The external Python script file record_route.py defines a handler function to process the request or context and generate the response.
These dynamic response options allow you to tailor the responses generated by your mock server based on specific conditions or logic needed for testing.
AI-Generated Default Values
Skyramp integrates with OpenAI to provide AI-generated default values for response configurations. This optional feature can be enabled by invoking skyramp mocker generate with the --openai option.
To use this option:
-
Create an OpenAI developer account by following the OpenAI documentation if you don’t have one already.
-
Set the OPENAI_API_KEY environment variable by running the following command in your terminal:
export OPENAI_API_KEY=<YOUR_API_KEY>
Note: You can set this environment variable temporarily for the current terminal session. For permanent setup, add the export command to your shell’s profile file (e.g., .bashrc, .bash_profile, .zshrc, etc.).
- Run the
skyramp mocker generate command with the --openai option, as shown below:
skyramp mocker generate grpc \
--api-schema routeguide.proto \
--alias routeguide \
--port 50051 \
--service RouteGuide \
--openai
Skyramp limits AI-generated default values to a maximum of three response value JSON blobs per session to prevent excessive use of OpenAI tokens for large schema files. AI-generated defaults will be available for a maximum of three responses, while the remaining responses will have Skyramp-generated defaults.

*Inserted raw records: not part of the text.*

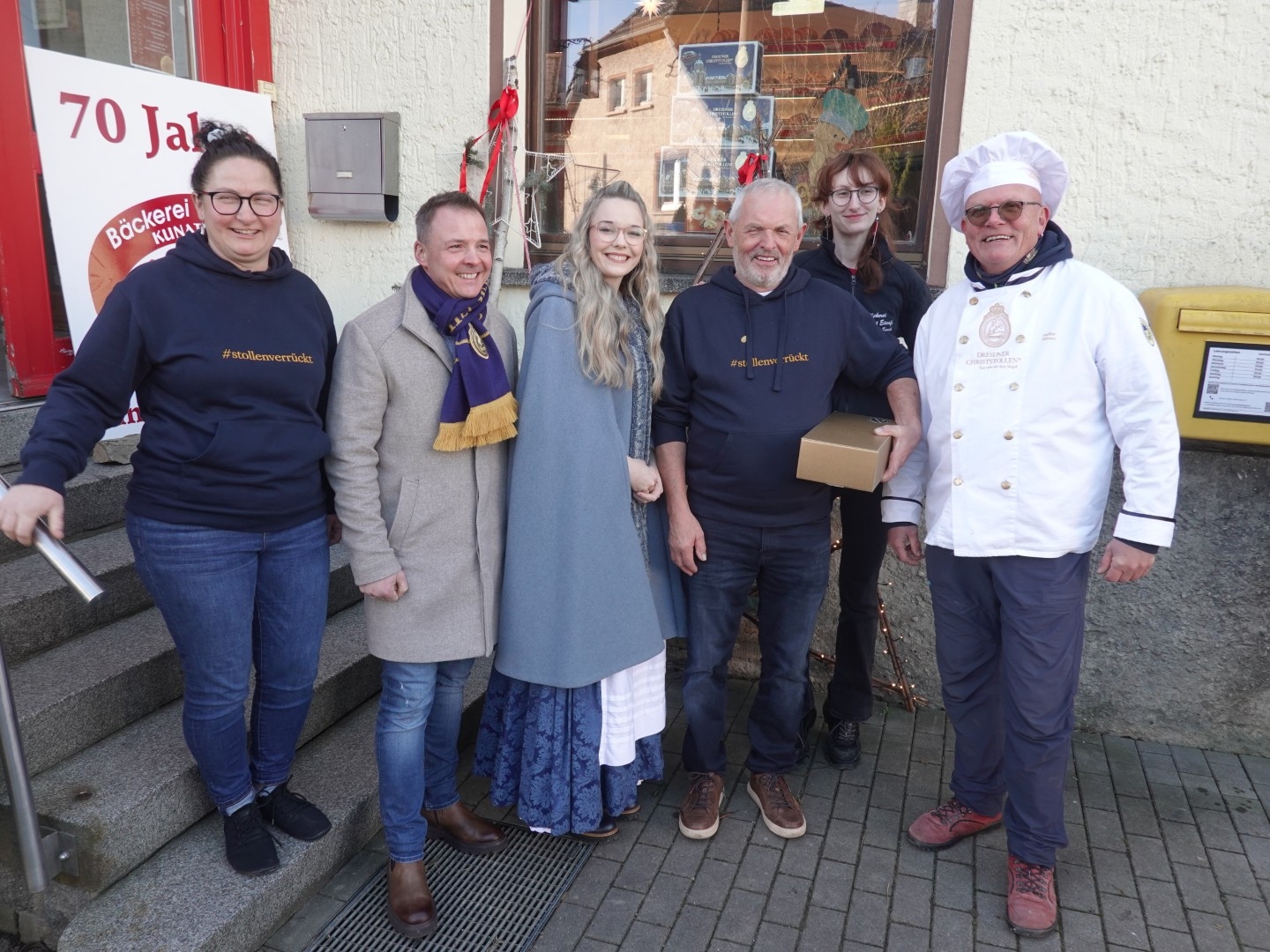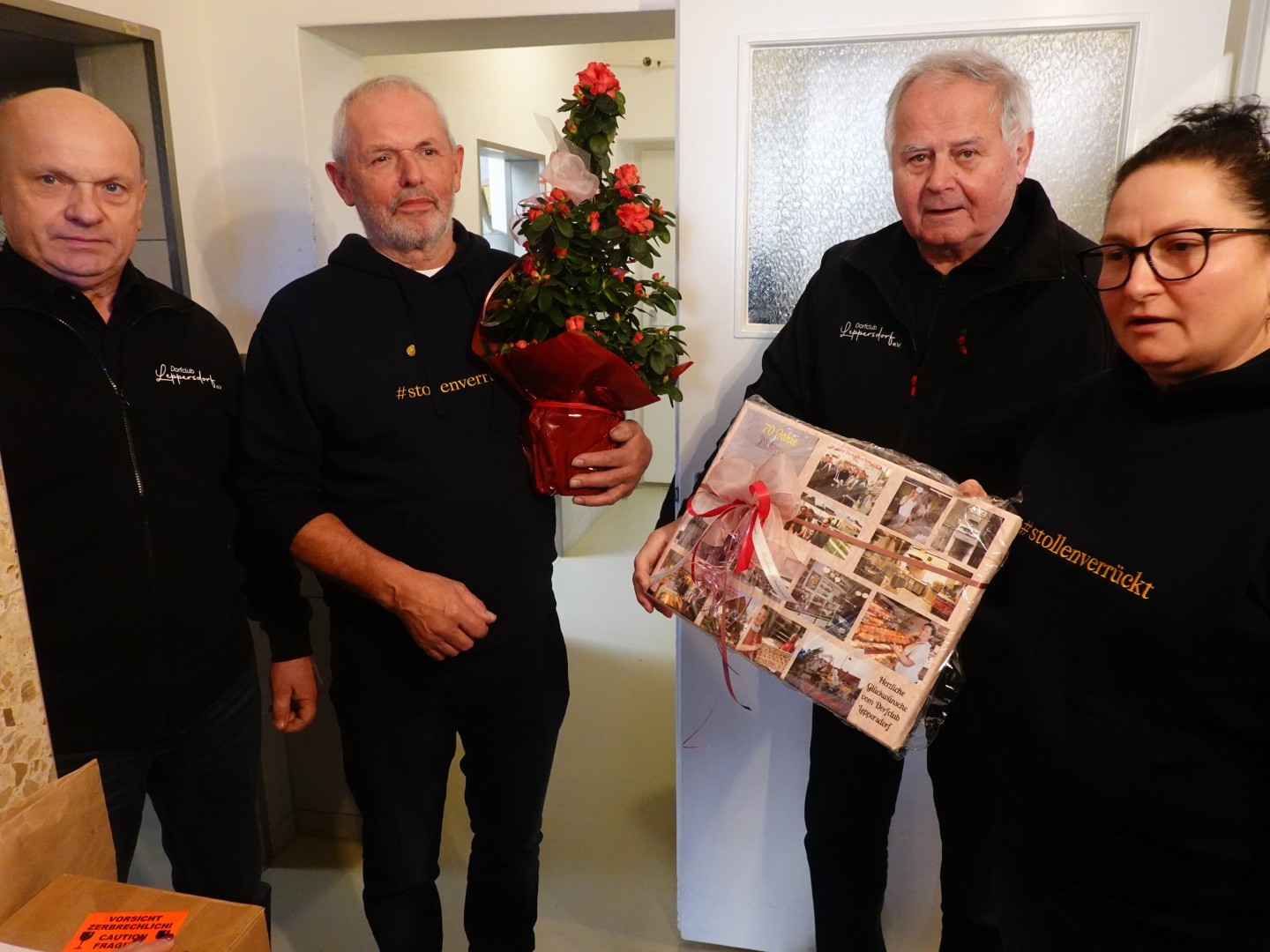 Zum 70-jährigen Bestehen der Bäckerei Kunath in Leppersdorf überbrachte eine kleine Delegation des Dorfclubs alle guten Wünsche und ein Präsent an Martin Kunath, selbst Mitglied des Dorfclubs, sowie an die Familienmitglieder und das gesamte Team der Bäckerei. Zuvor hatten die Kita-Kinder ein Ständchen vorgetragen. Auch Vertreter der Bäckerinnung, Berufskollegen und das Dresdner Stollenmädchen zollten ihren Kollegen in Leppersdorf ihren Respekt. Am Nachmittag setzte Ministerpräsident Kretschmer den Höhepunkt der Gratulationscour.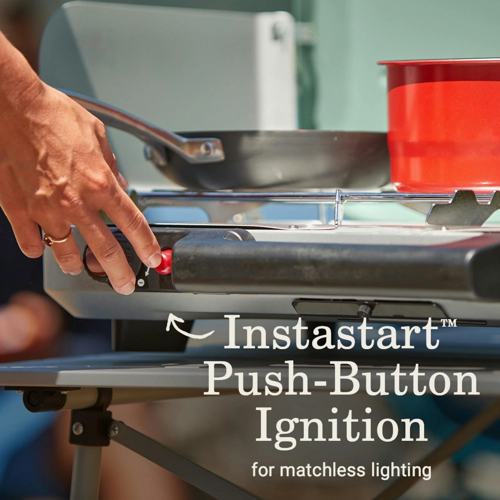 - MATCHLESS LIGHTING: Push-button Instastart™ ignition for automatic, matchless lighting; 3 adjustable burners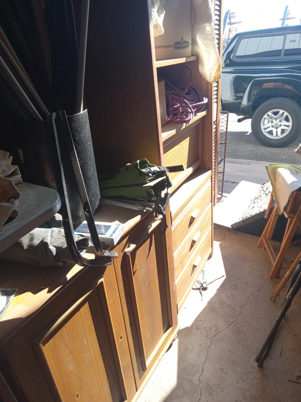 cancer forcing sale of estate. Several modern dressers with mirrors, modern chairs, folding padded wooden chairs, tools, camping gear, coleman lanterns and stoves, very large tents. antique metal wagon wheels, tools, plastic ponds, vertical dresser with fold out desk, stereo cabinets, standing wood shelves with doors, aquariums, and much more. wooden shelving is screwed together for easy disassembly. Pics soon
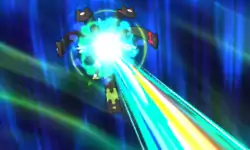 Zygarde Complete Forme opens the mouth on its chest and forms an orb of energy in front of it. It then fires a beam of multicolored energy from the orb at the ground underneath the opponent, forming a light green Z-shape. The ground around the Z-shape then explodes. | ||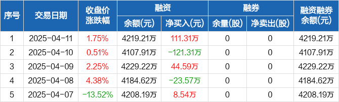 融资方面,当日融资买入282.93万元,融资偿还171.63万元,融资净买入111.31万元。融券方面,融券卖出0股,融券偿还0股,融券余量0股,融券余额0元。融资融券余额合计4219.21万元。
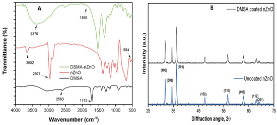 (A) FTIR spectra of pristine DMSA, nZnO, and DMSA-nZnO coated particles; (B) XRD of pristine nZnO and DMSA-nZnO coated.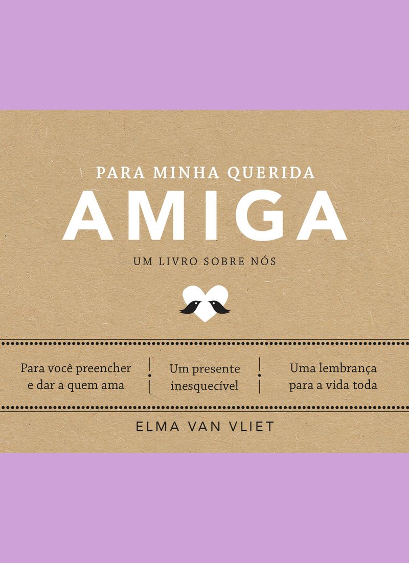 Um presente especial para você e sua amiga. A história dessa grande amizade merece virar um livro.Elma van Vliet e´ a criadora da colec¸a~o Tesouros de Fami´lia, com ti´tulos que se tornaram cla´ssicos e conquistaram o corac¸a~o de mais de 5 milho~es de pessoas em todo o mundo. Com espac¸o para escrever e colar fotos, este presente e´ uma oportunidade para voce^ registrar toda a sua admirac¸a~o por essa pessoa que esta´ sempre ao seu lado. Responda a perguntas inspiradoras, resgate boas lembranc¸as e fortalec¸a essa relac¸a~o ta~o preciosa. Celebre a be^nc¸a~o de ter uma amiga que esta´ com voce^ nas horas felizes e nas difi´ceis tambe´m.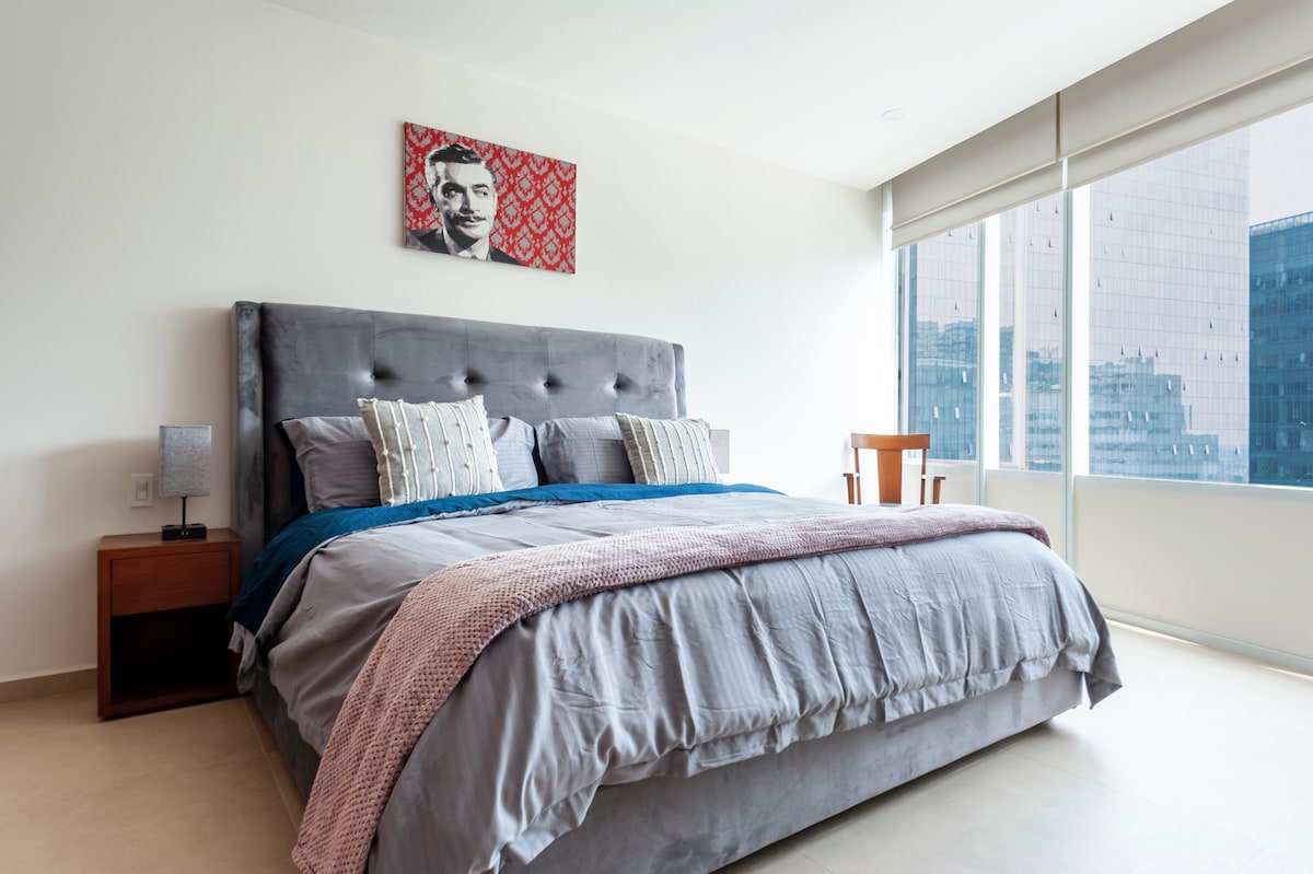 Geniet van een volledig uitgeruste keuken, snel internet, een comfortabel kingsize bed en een slaapbank, en twee tv's, allemaal aangevuld met een geweldig uitzicht. Het appartement biedt 24/7 beveiliging, een fantastisch zwembad met panoramisch uitzicht op de stad, een volledig uitgeruste fitnessruimte, een speeltuin en een grillruimte. Gelegen op slechts drie minuten lopen van de nieuwe Amerikaanse ambassade. Verken het nabijgelegen Soumaya Museum, supermarkten, het Antara-winkelcentrum, verschillende restaurants en de levendige wijk Polanco.

Please note that the limits may change based on usage and feedback.
Endpoint Configuration
The endpoint configuration file defines networking-level service details for an endpoint.
Example Endpoint Configuration:
version: v1
services:
- name: routeguide
port: 50051
alias: routeguide
protocol: grpc
endpoints:
- name: routeguide_jMBp
methods:
- name: GetFeature
- name: ListFeatures
- name: RecordRoute
- name: RouteChat
defined:
path: ./pb/route_guide.proto
name: RouteGuide
serviceName: routeguide
For configuring the endpoint file, we have a few key attributes:
-
services: This section lists the services available in your project. In this example, there is one service named routeguide.
-
endpoints: Under the endpoints section, you define individual endpoints, specifying the available methods, the service definition path, and the service name. In the example, we have an endpoint named routeguide_jMBp for the RouteGuide service.
-
methods: Within each endpoint, you list the available methods. In this case, we have methods like GetFeature, ListFeatures, RecordRoute, and RouteChat. This helps specify the details of each method and how it should behave.
-
defined: Here, you specify the service definition file’s path and the service name. The service definition file (route_guide.proto) outlines the structure of the service and its methods.
By configuring endpoints, you define the available services and methods within your project, facilitating mocking services in your distributed application. We recommend dynamically generating a mock by providing service-level information.
TLS Support
Please note that mocking is not supported for endpoints using TLS. Endpoints using HTTPS should be replaced with HTTP.